"crash" module is always on but not properly configured

Bug #2000630 reported by Nobuto Murata
6
This bug affects 1 person
Affects Status Importance Assigned to Milestone
Ceph Monitor Charm
Fix Released
Undecided
Samuel Allan
Quincy.2
Fix Released
Undecided
Unassigned
Ceph OSD Charm
Fix Released
Undecided
Samuel Allan
Quincy.2
Fix Released
Undecided
Unassigned
ceph (Ubuntu)
New
Undecided
Unassigned

Bug Description

cloud:focal-yoga (quincy)

$ juju ssh ceph-mon/leader -- sudo ceph version
ceph version 17.2.0 (43e2e60a7559d3f46c9d53f1ca875fd499a1e35e) quincy (stable)

How to reproduce:

1. make sure "crash" module is on (it's a part of "always on" modules)

    https://docs.ceph.com/en/quincy/mgr/crash/

    $ juju ssh ceph-mon/leader -- sudo ceph mgr module ls | grep crash
    crash on (always on)

2. intentionally crash ceph-osd process (in this example I used SIGSEGV)

    $ juju ssh ceph-osd/leader -- sudo pkill --signal SIGSEGV ceph-osd

3. make sure a normal crash file is generated for apport *and* a set of files for ceph crash module.

    # ll -h /var/crash/
    total 121M
    drwxrwxrwt 2 root root 4.0K Dec 28 10:42 ./
    drwxr-xr-x 13 root root 4.0K Dec 12 21:41 ../
    -rw-r----- 1 ceph ceph 121M Dec 28 10:42 _usr_bin_ceph-osd.64045.crash

    # ll -h /var/lib/ceph/crash/*
    '/var/lib/ceph/crash/2022-12-28T10:42:04.661282Z_51be6c87-4a42-4fbb-afe5-264d94cd6c79':
    total 1.6M
    drwx------ 2 ceph ceph 4.0K Dec 28 10:42 ./
    drwxr-xr-x 4 ceph ceph 4.0K Dec 28 10:42 ../
    -r--r--r-- 1 ceph ceph 0 Dec 28 10:42 done
    -rw-r--r-- 1 ceph ceph 1.6M Dec 28 10:42 log
    -rw------- 1 ceph ceph 926 Dec 28 10:42 meta

    /var/lib/ceph/crash/posted:
    total 8.0K
    drwxr-xr-x 2 root root 4.0K Sep 13 17:47 ./
    drwxr-xr-x 4 ceph ceph 4.0K Dec 28 10:42 ../

4. check syslog for post failures to MON units.

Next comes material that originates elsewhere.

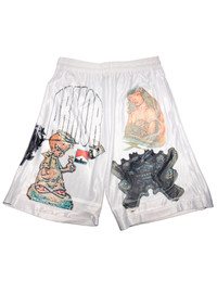 madeofglue Armor Armor Shorts NYC based DIY artist madeofglue 1 of 1 sublimation printed shorts. Printed on high quality North Gear basketball shorts. Size L on Tag Waist (measured all the way around) : 32’ Waist (Fully Stretched) : 45’ Waist to cuff : 22’ Inseam : 10.5’ Leg opening : 12’ *Measurements are approximate* *Most of these Garments are second hand unless stated otherwise, please determine the condition and any markings or wear based on the high res photos provided* All orders will be shipped the next day after payment is sent. For any questions feel free to message me.

Dec 28 10:51:18 famous-skunk ceph-crash[10667]: WARNING:ceph-crash:post /var/lib/ceph/crash/2022-12-28T10:42:04.661282Z_51be6c87-4a42-4fbb-afe5-264d94cd6c79 as client.crash.famous-skunk failed: (None, b'2022-12-28T10:51:18.368+0000 7f427dc2f700 -1 auth: unable to find a keyring on /etc/ceph/ceph.client.crash.famous-skunk.keyring,/etc/ceph/ceph.keyring,/etc/ceph/keyring,/etc/ceph/keyring.bin: (2) No such file or directory\n2022-12-28T10:51:18.368+0000 7f427dc2f700 -1 AuthRegistry(0x7f427805f4f0) no keyring found at /etc/ceph/ceph.client.crash.famous-skunk.keyring,/etc/ceph/ceph.keyring,/etc/ceph/keyring,/etc/ceph/keyring.bin, disabling cephx\n2022-12-28T10:51:18.376+0000 7f427c9cd700 -1 auth: unable to find a keyring on /etc/ceph/ceph.client.crash.famous-skunk.keyring,/etc/ceph/ceph.keyring,/etc/ceph/keyring,/etc/ceph/keyring.bin: (2) No such file or directory\n2022-12-28T10:51:18.376+0000 7f427c9cd700 -1 AuthRegistry(0x7f4278065748) no keyring found at /etc/ceph/ceph.client.crash.famous-skunk.keyring,/etc/ceph/ceph.keyring,/etc/ceph/keyring,/etc/ceph/keyring.bin, disabling cephx\n2022-12-28T10:51:18.376+0000 7f427c9cd700 -1 auth: unable to find a keyring on /etc/ceph/ceph.client.crash.famous-skunk.keyring,/etc/ceph/ceph.keyring,/etc/ceph/keyring,/etc/ceph/keyring.bin: (2) No such file or directory\n2022-12-28T10:51:18.376+0000 7f427c9cd700 -1 AuthRegistry(0x7f427c9cc000) no keyring found at /etc/ceph/ceph.client.crash.famous-skunk.keyring,/etc/ceph/ceph.keyring,/etc/ceph/keyring,/etc/ceph/keyring.bin, disabling cephx\n[errno 2] RADOS object not found (error connecting to the cluster)\n')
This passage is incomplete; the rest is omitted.